I have been diagnosed with Graves’ disease ophthalmopathy. I have had double vision since March and am wearing a prism to correct the condition. I am going to see a Graves’ disease specialist. My question is can Graves’ disease go away? I met a woman who said that she had Graves’ disease and does not have it any longer. This has bothered me because my endocrinologist has led me to believe that I will always have Graves’ disease.
Graves’ disease is an autoimmune disorder with three manifestations: hyperthyroidism, that is an overactive and enlarged thyroid gland; ophthalmopathy, eye disease related to the autoimmune nature of Graves’ disease; and dermopathy, an unusual skin condition related to the autoimmune process. All three components of Graves’ disease are not seen in every case, and the skin component is actually fairly rare.
Although the cause of Graves’ disease is not known, it is believed that the autoimmune process involves the production of an antibody that attaches to and stimulates the thyroid exciting hormone (TSH) receptors in the thyroid gland.
The role of antibodies in Graves’ disease requires a bit more explanation. Antibodies are proteins that are produced by our immune system cells to fight infection or disease. In an autoimmune disease, for reasons unknown, the person’s immune system produces antibodies against the person’s own cells, or parts of cells. In Graves’ disease we find antibodies against the TSH receptors on the thyroid cells. A receptor is a special molecule on the surface of a cell that reacts to a hormone, chemical, virus or other molecule outside the cell, allowing the molecule to influence the cell. In the case of Graves’ disease, the antibody attaches to the TSH receptor and stimulates it, thereby mimicking the effect of an increase in TSH hormone.
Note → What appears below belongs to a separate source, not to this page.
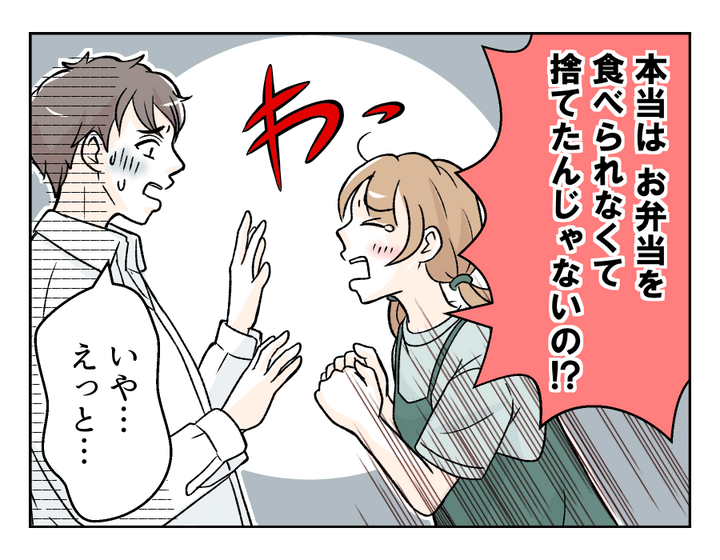 マコトさん、ついに本当のことを話してくれました。モモカさんの言うとおり、やはり捨てていたようですね。事情があるのなら、早い段階で正直に伝えていればよかったのに……そうすればきっと、お弁当を捨てるなんて最低なことはせずに済んだはずですよね。マコトさんは今日だけだと言いますが、1回であってもショックの大きな出来事。モモカさんも相当なショックを受けている様子です。味? 量? 見た目? どれもモモカさんとしてはこだわっていたはずですが、なにがマコトさんには受け入れられなかったのでしょうか……。

This stimulation causes the thyroid cells to proliferate, making the gland larger and creating a goiter. The cells are also pushed to produce more of the thyroid hormones which in turn cause the various symptoms of hyperthyroidism.
Graves’ disease symptoms may include: tremors, rapid heartbeat or arrhythmias, weight loss, excessive sweating, frequent bowel movements, weakness, and reduced or absent menstrual cycles in women.
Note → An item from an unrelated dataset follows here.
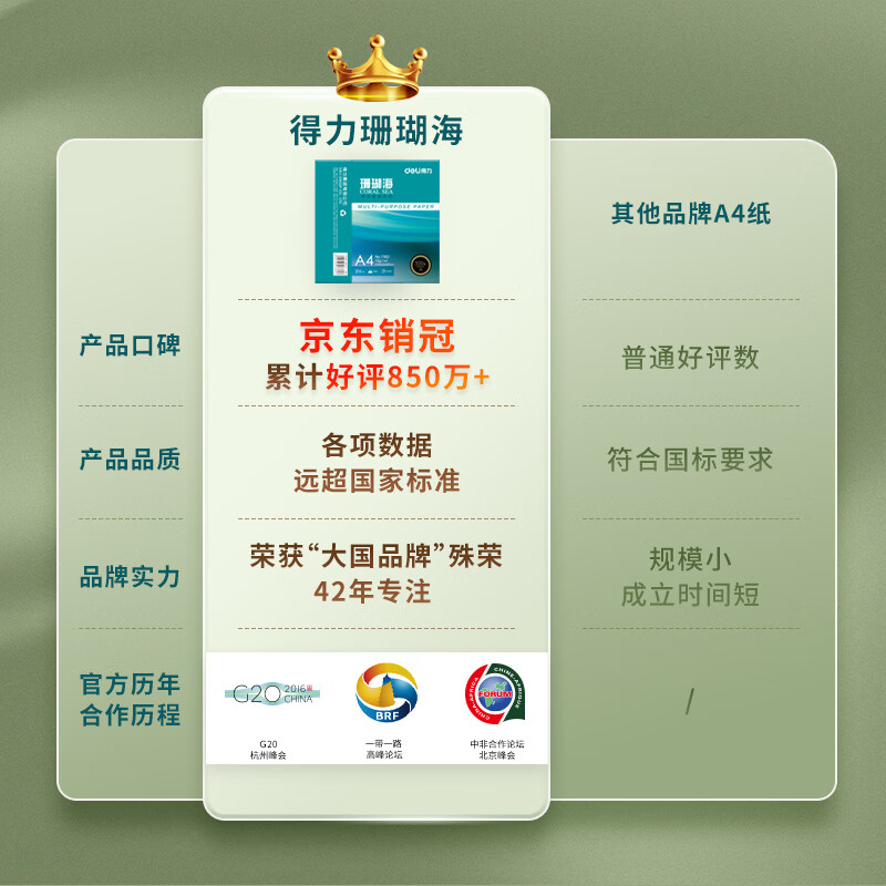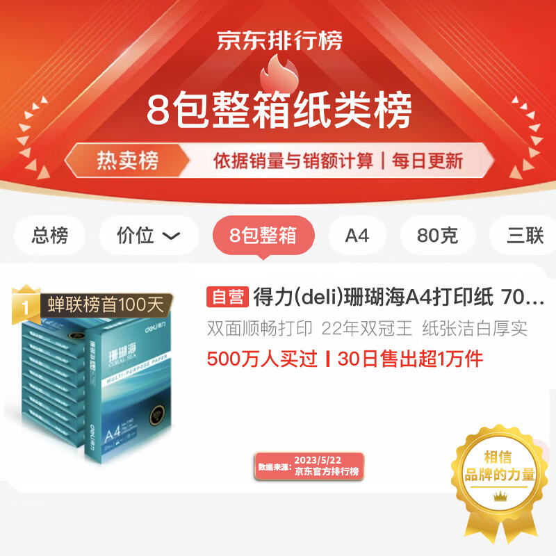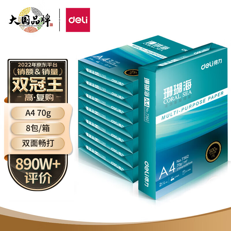 得力(deli)珊瑚海A4打印纸 70g克500张*8包一箱 销冠复印纸 双面草稿纸 整箱4000张 7360

Graves’ ophthalmopathy is believed to be due to attachment of the same antibody to structures in the eye socket. It is characterized by swelling of the tissues behind the eyes, causing the eyes to be pushed forward, and deterioration of the muscles controlling the eyes, causing the double vision mentioned by our second writer. Medical treatments including cortisone-type drugs are generally successful in reducing this swelling, but occasionally surgery is necessary. Most people with Graves’ disease do not experience ophthalmopathy severely enough to require treatment.
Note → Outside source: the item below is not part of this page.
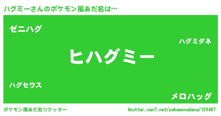 | 男性向けラノベタイトル風あだ名 | 『ハグミーの嫁は女の子じゃないと思った?』 |

Many autoimmune diseases have spontaneous remissions, and Graves’ disease is no exception. Therefore, many doctors will choose to treat it initially with anti-thyroid drugs, which reduce the over production of thyroid hormones and will usually shrink the goiter. Hopefully a spontaneous remission will occur and prevent a rebound of the hyperthyroidism when the pills are stopped. Treatment is usually given for one or two years. A prolonged remission is seen in one third to one half of cases treated this way. This obviously means that in one half to two thirds of cases, the hyperthyroidism will return at some point after the treatment is stopped.